As of March 31, 2014, we believe we are in compliance with all of our debt covenants.
Chinese Credit Facilities
In addition to our borrowings under the Credit Agreement, we maintain our Chinese Credit Facilities. As of March 31, 2014 and December 31, 2013, we had short-term borrowings outstanding of $31 million and $28 million, respectively.
Certain of our Chinese subsidiaries entered into a RMB 189,000,000 (approximately $30 million), one-year revolving credit facility with Bank of America (the “Chinese Credit Facility—BOA”) that is currently subject to review on a periodic basis with no-specific expiration period. We had $13 million of outstanding borrowings from the Chinese Credit Facility—BOA as of March 31, 2014. Our Chinese Credit Facility—BOA currently bears interest at a rate based on 100% of the People’s Bank of China’s base rate, which was 5.6% as of March 31, 2014.
In addition, during April 2012, certain of our Chinese subsidiaries entered into a RMB 125,000,000 (approximately $20 million) one-year revolving credit facility with J.P. Morgan Chase Bank (“Chinese Credit Facility-JPM”). This credit facility was renewed for an additional year in April 2014 under the same terms. We had $18 million of outstanding borrowings from the Chinese Credit Facility—JPM as of March 31, 2014. Our Chinese Credit Facility—JPM currently bears interest at a rate based on 100% of the People’s Bank of China’s base rate, which was 5.6% as of March 31, 2014.
NOTE 7: INCOME TAXES
Each interim period is considered an integral part of the annual period and, accordingly, we measure our tax expense using an estimated annual effective tax rate. An enterprise is required, at the end of each interim reporting period, to make its best estimate of the annual effective tax rate for the full fiscal year and use that rate to provide for income taxes on a current year-to-date basis, as adjusted for discrete taxable events that occur during the interim period.
Our effective tax rate for the three months ended March 31, 2014 and 2013 was 27.7% and 26.2%, respectively. For the three months ended March 31, 2014, the effective tax rate is less than the federal statutory rate primarily due to earnings in jurisdictions outside the United States, where our effective tax rate is lower, which was partially offset by state income taxes, non-deductible stock compensation and accruals on uncertain tax positions. The increase in the effective tax rate for 2014 compared to the 2013 rate was primarily due to a change in jurisdictional earnings.

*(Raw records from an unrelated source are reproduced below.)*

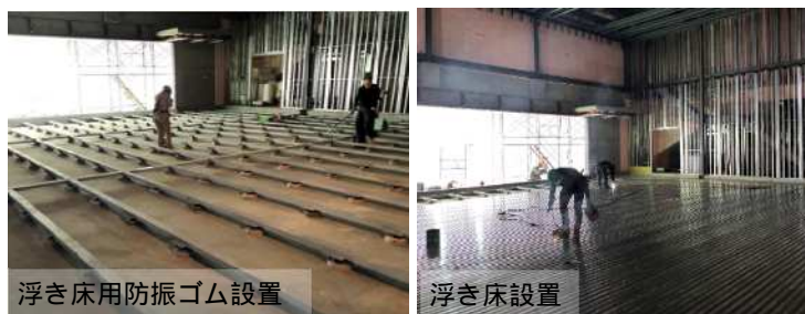
浮き床用防振ゴム設置

多目的ホールは、防音・遮音性能に優れた浮き床構造となっています。また、見附台公園やエントランスホールと一体的に使用するための大型の建具等の取り付け工事を進めています。
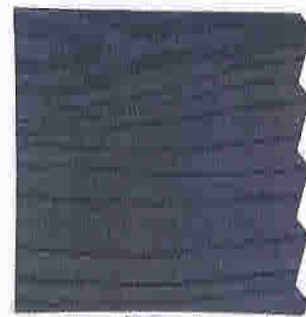
BLÅGRÅ 589 BUTINOX
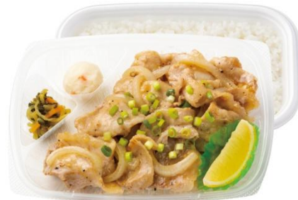
～レモンが決め手！～ W 旨塩豚カルビ弁当(肉 2 倍) 890 円
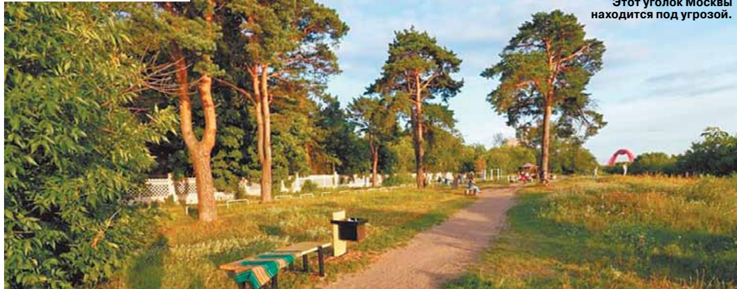
Этот уголок Москвы находится под угрозой.

Очередные гектары московского леса пали под напором застройщика. На этот раз под пилу пустили огромные сосны рядом с одним из зданий Курчатковского института на улице Живописная, вл. 21. И снова последовали протесты местных жителей. С чем они связаны — выяснял «МК».
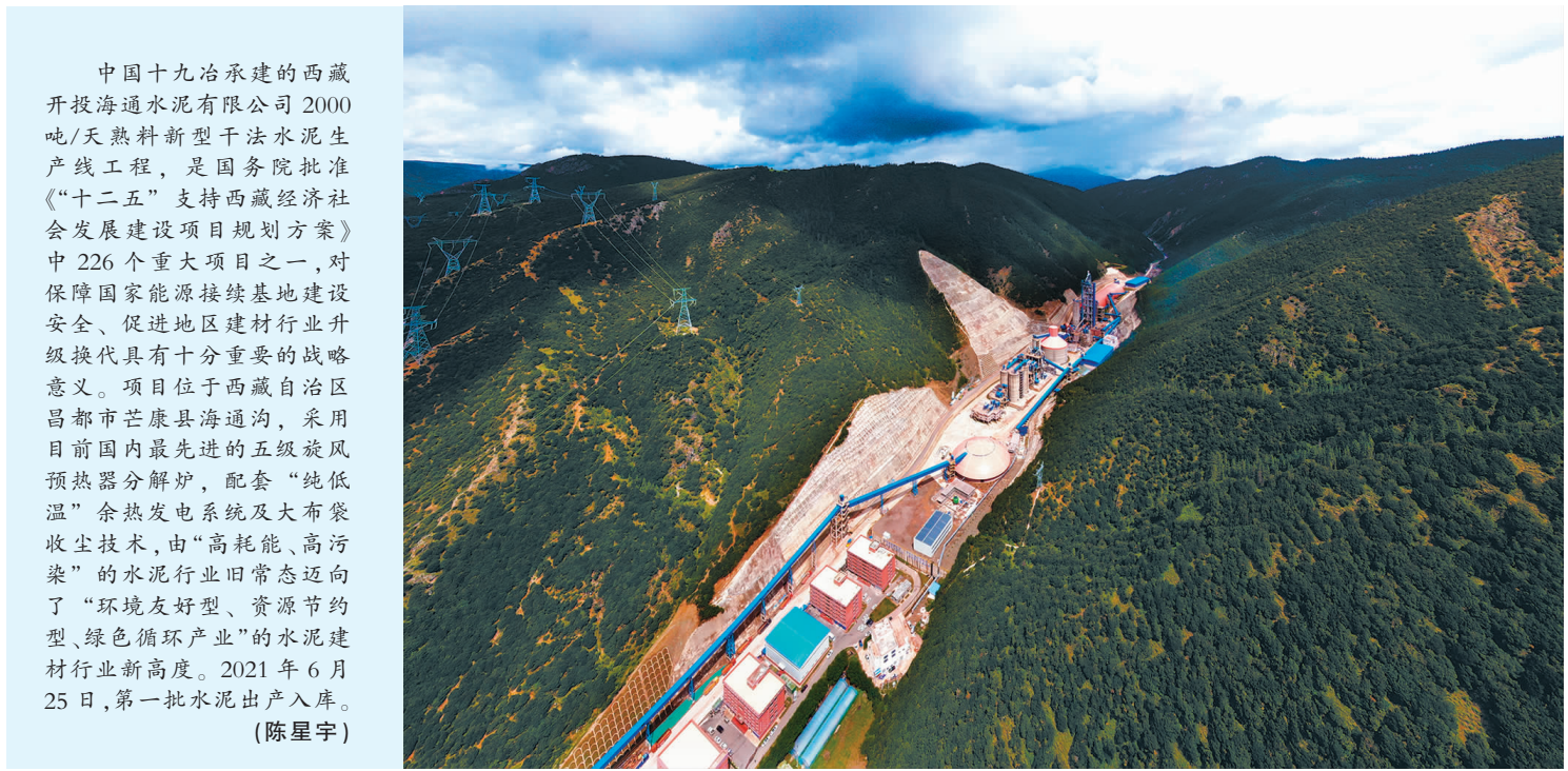
中国十九冶承建的西藏开投海通水泥有限公司2000吨/天熟料新型干法水泥生产线工程,是国务院批准《“十二五”支持西藏经济社会发展建设项目规划方案》中226个重大项目之一,对保障国家能源接续基地建设安全、促进地区建材行业升级换代具有十分重要的战略意义。项目位于西藏自治区昌都市芒康县海通沟,采用目前国内最先进的五级旋风预热器分解炉,配套“纯低温”余热发电系统和大布袋收尘技术,由“高耗能、高污染”的水泥行业旧常态迈向了“环境友好型、资源节约型、绿色循环产业”的水泥建材行业新高度。2021年6月25日,第一批水泥出产出库。(陈星宇)
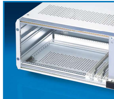
Использование в качестве настольного корпуса с угловыми панелями
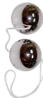
boules de geisha
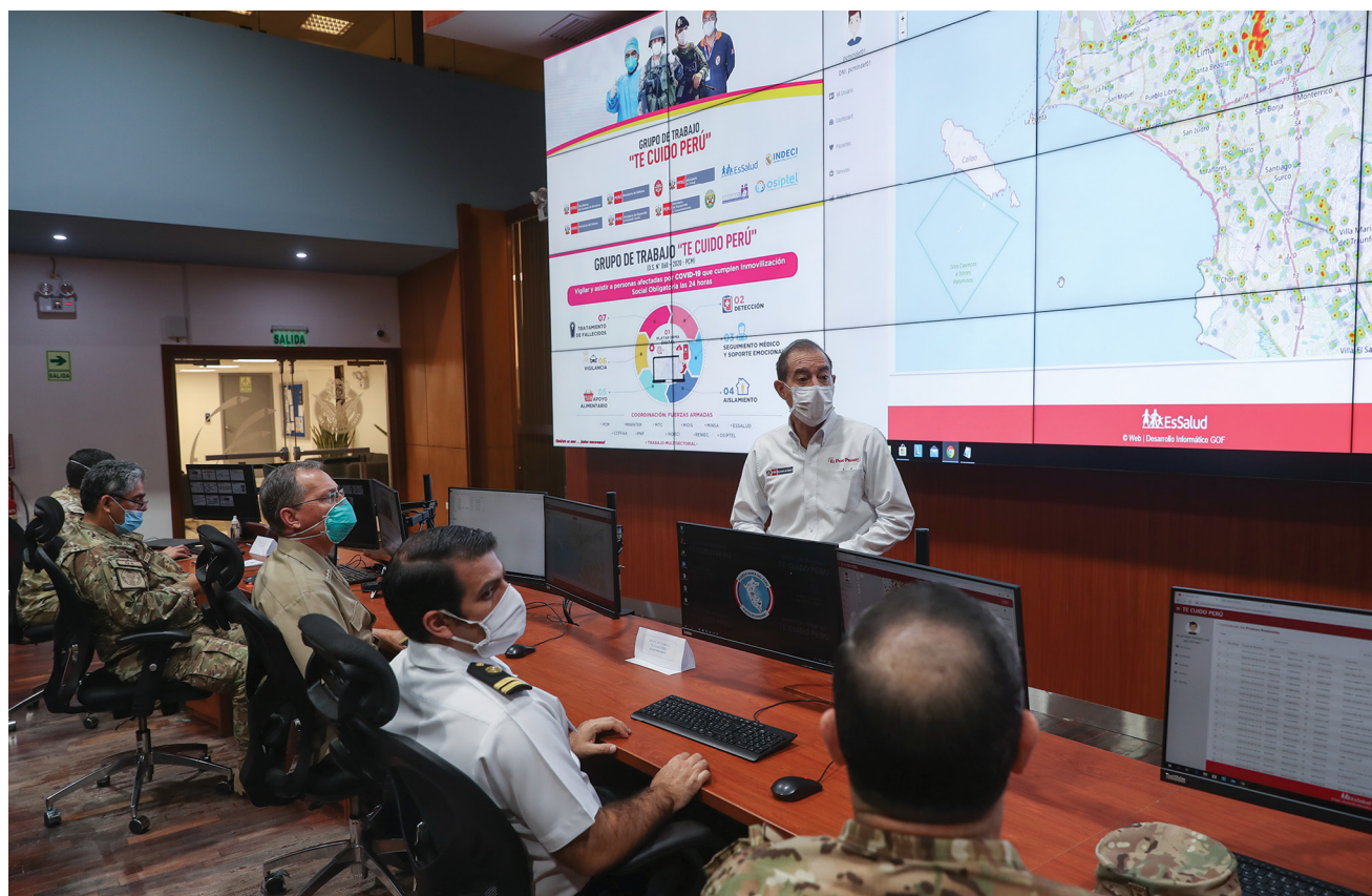
La plataforma digital «Te Cuido Perú» integra bases de datos del MINSA, ESSALUD, FF. AA. y otros, y permite geolocalizar a personas con el COVID-19. La plataforma también permite llevar a cabo el aislamiento, seguimiento médico y soporte emocional, apoyo alimentario y vigilancia las 24 horas.

está conformado por representantes de la PCM, MININTER, MTC, MINSA, ESSALUD, CCFFAA, PNP, INDECI, RENIEC y OSIPTEL, entre otros. Entre sus responsabilidades está el diseño y puesta en funcionamiento de una plataforma digital que permite la trazabilidad de los casos positivos y la población vulnerable, la detección, seguimiento médico y soporte emocional de los contagiados y una vez que son identificados, el grupo está a cargo del control de su aislamiento domiciliario, la provisión de un apoyo alimentario periódico y la vigilancia de sus desplazamientos y los de su entorno, así como el tratamiento de los fallecidos. Nuestro Ejército, a través de cinco generales de brigada y otros oficiales superiores, está liderando diferentes responsabilidades dentro de este grupo de trabajo, tales como la implementación de la plataforma digital, el seguimiento y soporte emocional, el control de aislamiento de las personas que hayan salido positivas, la implementación de la vigilancia física de la población vulnerable y el manejo de los fallecidos, dado su alto riesgo. Todos estos componentes interactúan
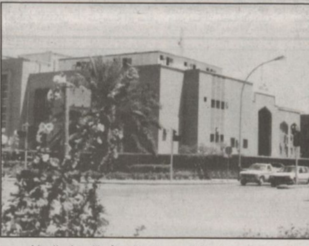
المبنى الرابع لرئاسة الحرس الوطني (في المربع) - الرياض
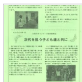
保健・医療・福祉 2日前
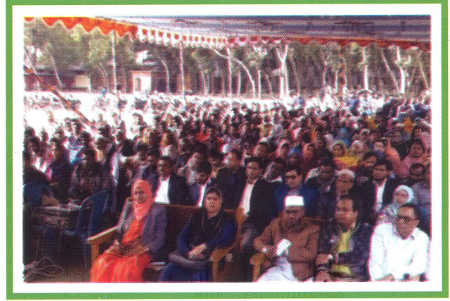
গণশুনানিতে উপস্থিত দর্শকবৃন্দ।
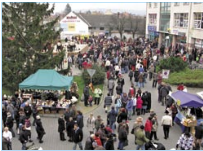
Během první prosincové neděle přišlo na jarmark u radnice více než 1000 lidí.

V nedělní dopoledne 2. prosince se opět po roce uskutčnil na prostranství u radnice vánoční jarmark. Po přivítání občanů starostou Josefem Bazalou byl rozsvícen urostlý vánoční strom. Na sousedním pódiu začal asi dvouhodinový kulturní program, v sále na radnici byla po 11 hodině sehrána pohádka Kašpárek a čert. Středisko volného času Klubko se představilo pěkným adventním pásmem, v městské knihovně byly pro všechny zájemce připraveny tvořivé dílničky. Někdo se přišel jen tak podívat a setkat se s přáteli, druhý přivedl děti a společně
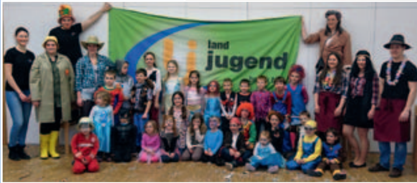
Kindermaskenball der Landjugend am 12. Februar 2017.

Our policy is to recognize accrued interest and penalties related to unrecognized tax benefits and income tax liabilities as part of our income tax expense. As of March 31, 2014, accrued interest is $1 million, net of federal benefit, and no penalties have been accrued. We do not anticipate any material releases in the next twelve months.
By virtue of previously filed consolidated income tax returns filed with Expedia, we are routinely under audit by federal, state and foreign tax authorities. We are currently under an IRS audit for the 2009 and 2010 tax years, and have various ongoing state income tax audits. As of March 31, 2014, no material assessments have resulted from these audits. These audits include questioning the timing and the amount of income and deductions and the allocation of income among various tax jurisdictions. Annual tax provisions include amounts considered sufficient to pay assessments that may result from the examination of prior year returns. We are no longer subject to tax examinations by tax authorities for years prior to 2007.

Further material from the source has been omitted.